Anaplastic Large Cell Lymphoma is a malignant cancer that has been discovered to rarely occur with some textured breast implants, hence “Breast Implant Associated” ALCL. Although associated with the breast in these cases, it is not a typical breast cancer. It is easily cured with surgical removal of the implant, breast capsule, and tumor when discovered early. However, if not discovered early, it can be fatal. Although treatment with chemotherapy may be necessary for more advanced cases, this is not needed for early cases, and in fact deaths have occurred from complications of therapy in a couple patients where disease was treated too aggressively. Early intervention with surgery alone would have likely been curative in these cases.
Is it associated with all breast implants?

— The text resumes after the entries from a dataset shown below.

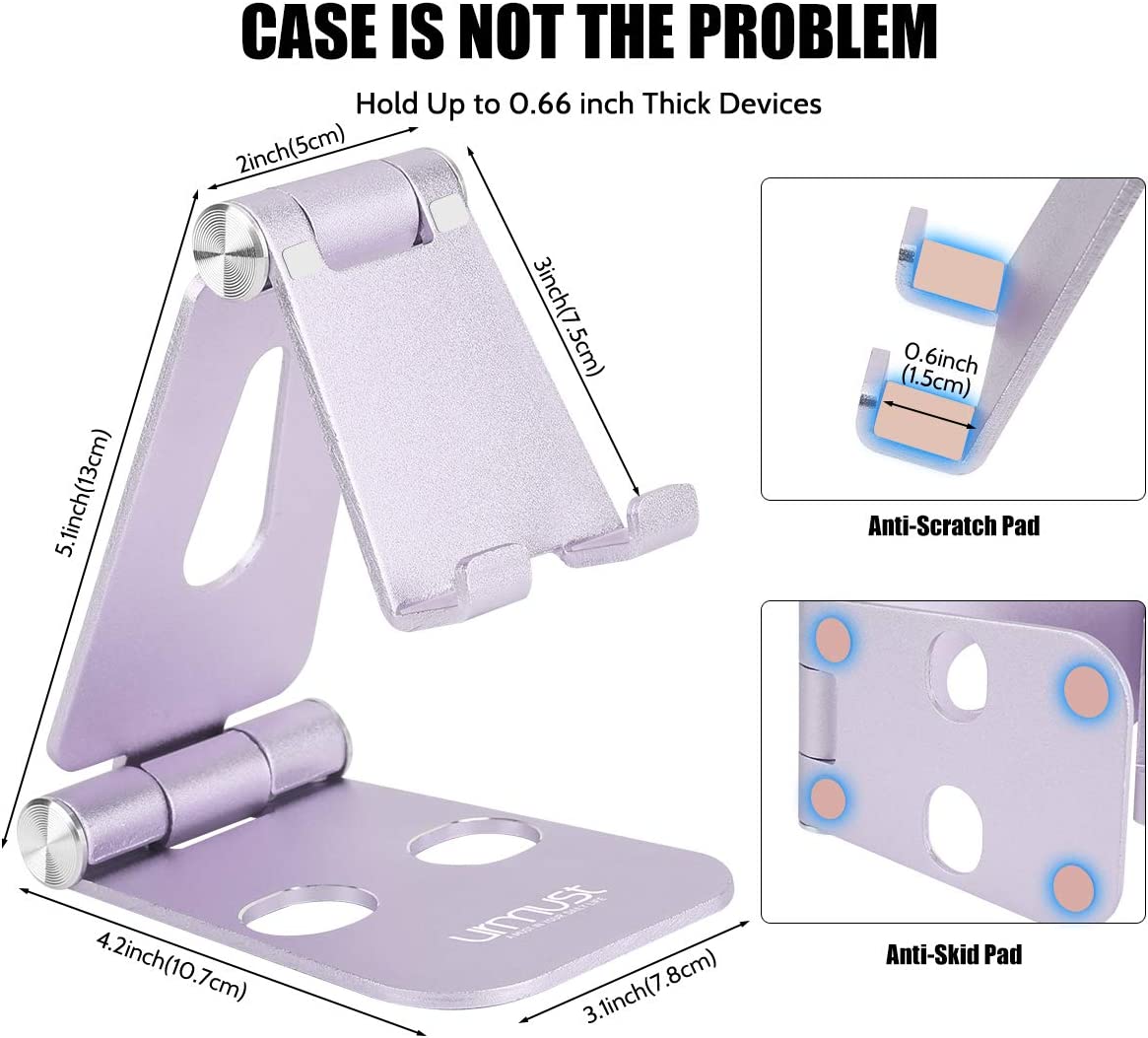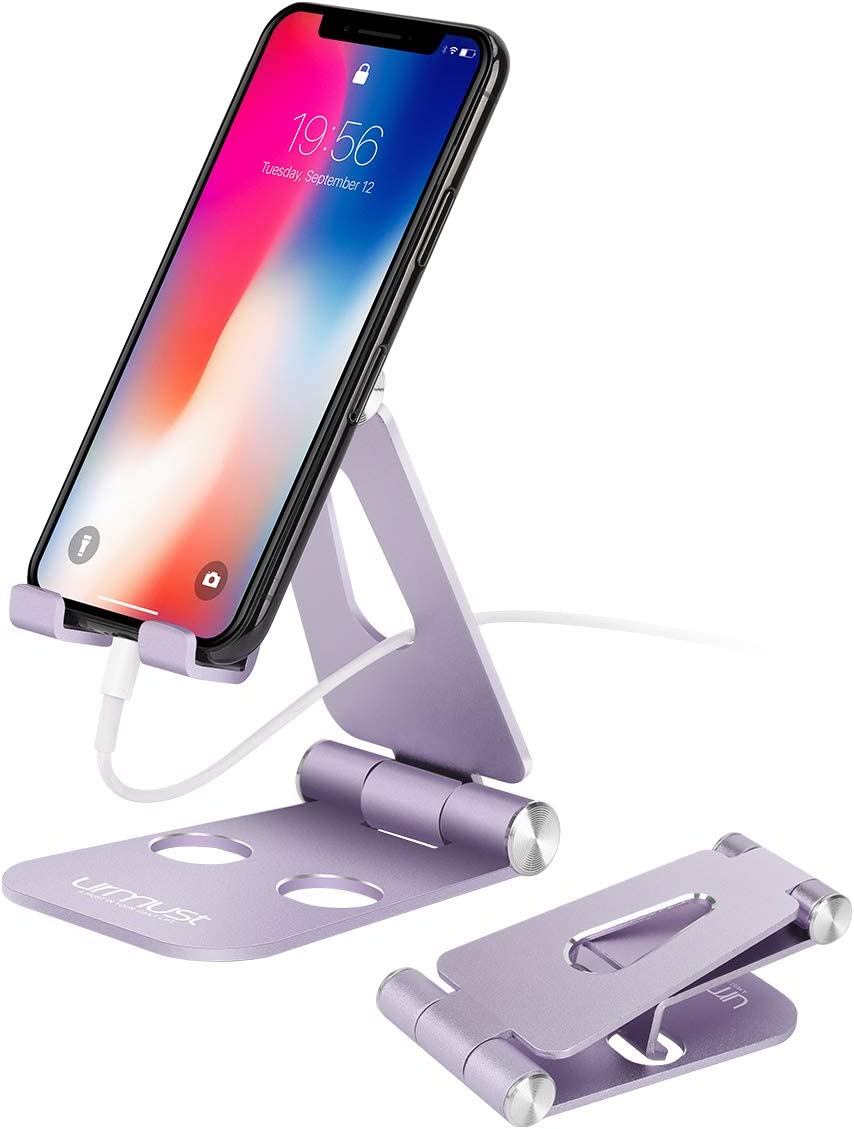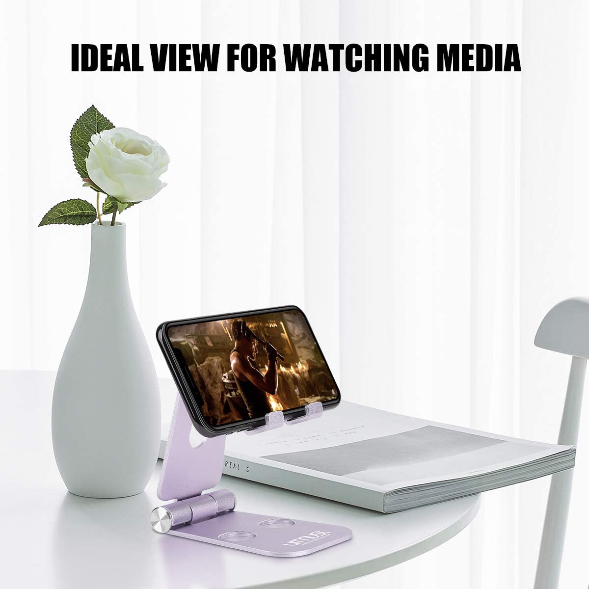Urmust Cell Phone Stand for Desk Adjustable Foldable Phone Holder for Office Portable Desktop Dock Compatible with iPhone 14 13 12 11 Max Pro Xs Xr X 8 7 6, iPad Mini, Tablets 7-10" (Purple)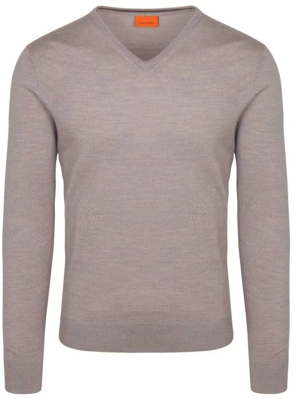 Suitable Merino Pullover V-Hals Greige Prijzen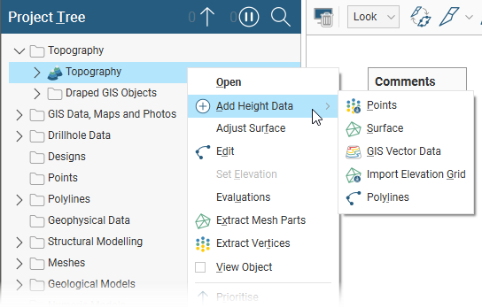 The topography can be created from an imported elevation grid, points data, surfaces and GIS data. You can also set a fixed elevation, if you do not have any data suitable for creating a topography. Once the topography has been defined, additional height data can be added by right-clicking on the topography and selecting from the options available. See Adding Height Data to the Topography for more information.
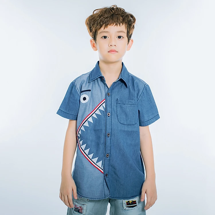 Áo Sơ Mi Jeans Tay Ngắn Bé Trai V.T.A.Kids 19012066 - Xanh Đậm chất liệu bền, đẹp.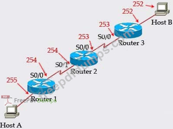 Host A pings interface S0/0 on router 3, what is the TTL value for that ping?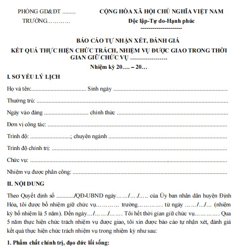 Theo Quyết định số ............/QĐ-UBND ngày……/…./….. của Ủy ban nhân dân huyện Định Hóa, tôi được bổ nhiệm giữ chức vụ………… trường…………. từ ngày ……/…/… (nhiệm kỳ bổ nhiệm là 5 năm). Đến ngày…/……./……. Tôi hết thời gian giữ chức vụ…………. Qua 5 năm thực hiện chức trách nhiệm vụ được giao, tôi xin được báo cáo tự nhận xét, đánh giá kết quả thực hiện chức trách nhiệm vụ trong nhiệm kỳ như sau: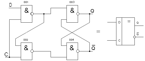 Тактируемый D-триггер. Он имеет информационный выход и вход синхронизации. Одна из возможных структурных схем однотактного D-триггера и его условное обозначение показаны на рисунке 28.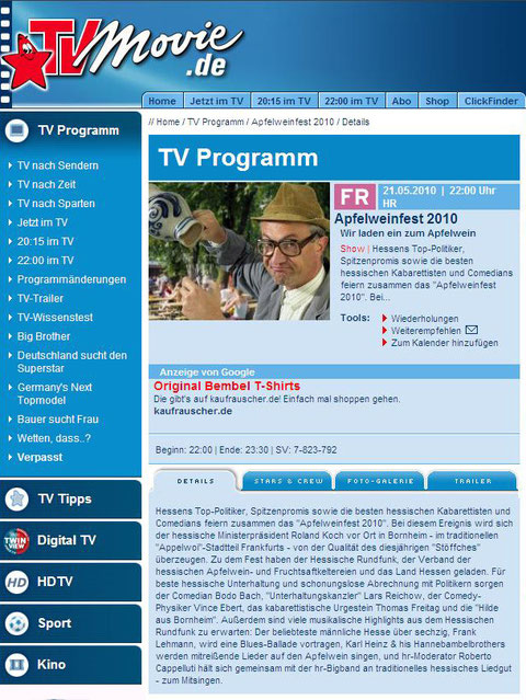 mit zwei Auftritten bei der Sendung des hr-Fernsehens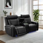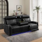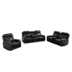 Pickup Only–Black Breathable Leather 3-Piece Living Room Functional Sofa Set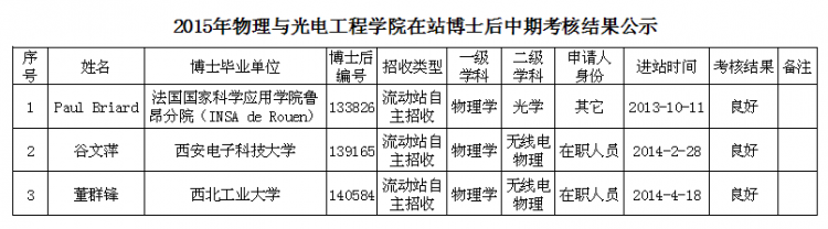 根据学校人事处/人才办“关于对在站的博士后进行中期考核的通知”要求,学院于2015年4月15日召开了在站博士后中期考核评审会议,对3名博士后进行了考核评审。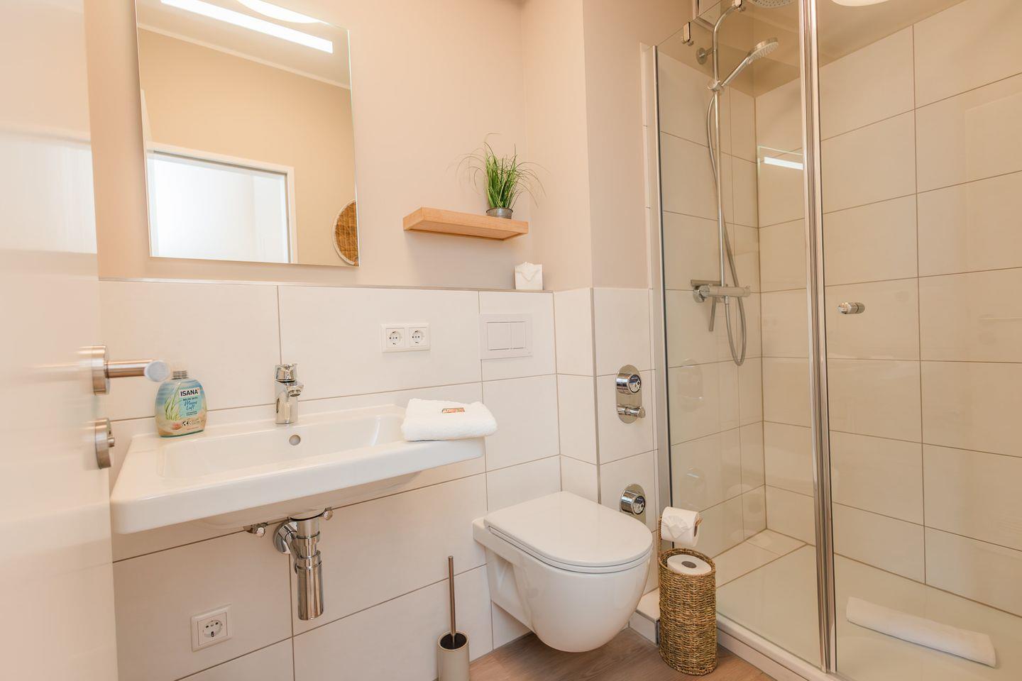 Die Gäste der Wohnungen D8a und D8b teilen sich einen gemeinsamen Hausflur. Zu den Gemeinschaftsbereichen zählen das Schwimmbad und die Sauna im Souterrain - ein echtes Highlight!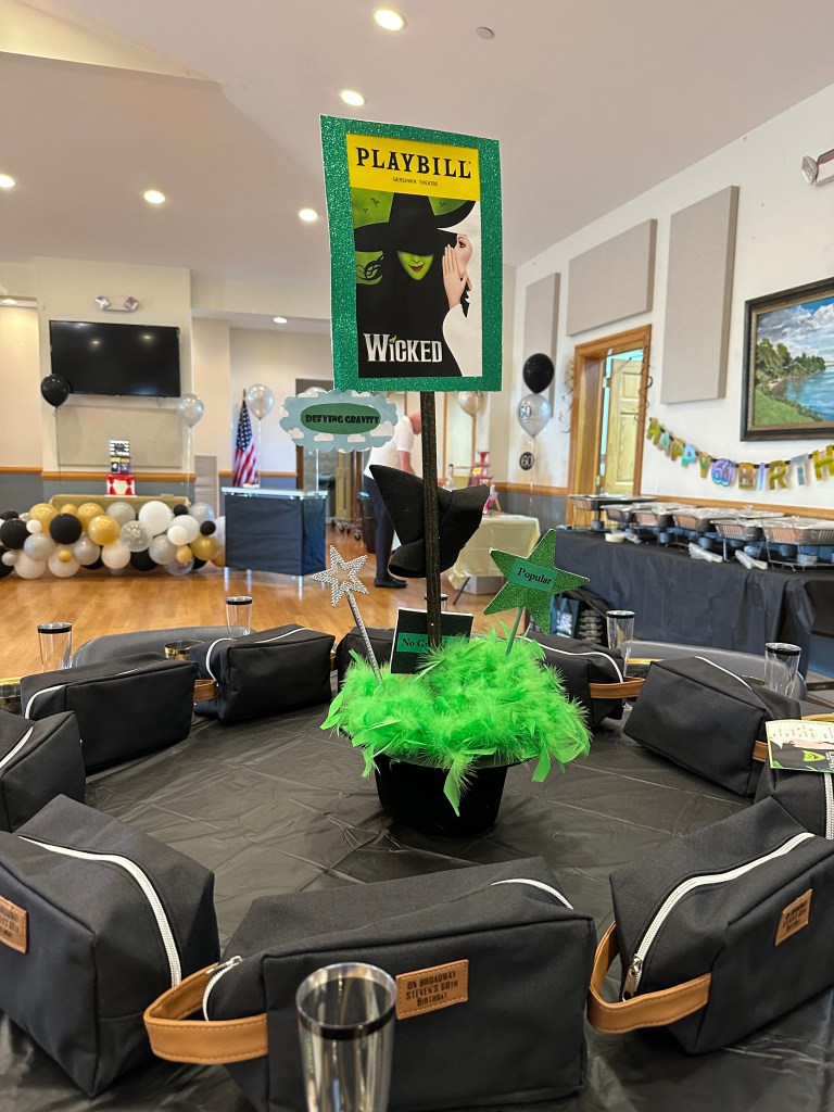 Here is our Wicked table. The circle of black toiletry bags constituted the favors given to everyone. Inside were travel-size items you would take on a trip like toothpaste, conditioning shampoo, safety razors, toothbrush, and deodorant soap.

No. It has never been seen with smooth implants, only textured implants. But it is also mostly seen with Allergan textured implants or polyurethane textured implants (not available in US), with just about one third of all cases associated with other implant brands, including a handful of Mentor cases and one Sientra.
How rare is it?
There have been just over 400 cases identified worldwide. It’s prevalence seems to vary with location, which might indicate a genetic or environmental factor in its predisposition. In the United States, the rate is about 1 in 30,000 textured implants, while in Australia the rate is estimated to be between 1 in 10,000 to as high as 1 in 1000. It seems less common in Asian countries.
What causes it?
This is still under investigation. There are a few things that seem to contribute to BIA-ALCL. An unusual bacteria has been found inside the breast capsule and around the implant that seems to be supported by implant texture, particularly Allergan’s proprietary texturing. Some individuals, with an as yet unknown genetic susceptibility, react to this microbiome with what on a cellular/cytokine level seems similar to an allergic reaction, triggering overproduction of certain T-lymphocytes.
How is it diagnosed?
BIA-ALCL typically presents as a fluid accumulation (seroma) around a breast implant, usually several years later (2-28, average 5.8 years). Of these “delayed seromas” in patients with textured implants, about 10% will have ALCL. A fine needle aspirate is done to remove the fluid and a screening test for CD30 is done. If this is positive, more specific testing is done for ALCL. Imaging studies will help stage the tumor and plan for treatment.
What is the treatment?
85% of BIA-ALCL is cured with surgery alone. In more advanced cases, the chemotherapeutic agent Brentuximab seems effective and safe. More traditional chemotherapeutic regimens such as CHOP don’t fare as well, and aggressive stem cell transfer therapy seems unnecessary and dangerous.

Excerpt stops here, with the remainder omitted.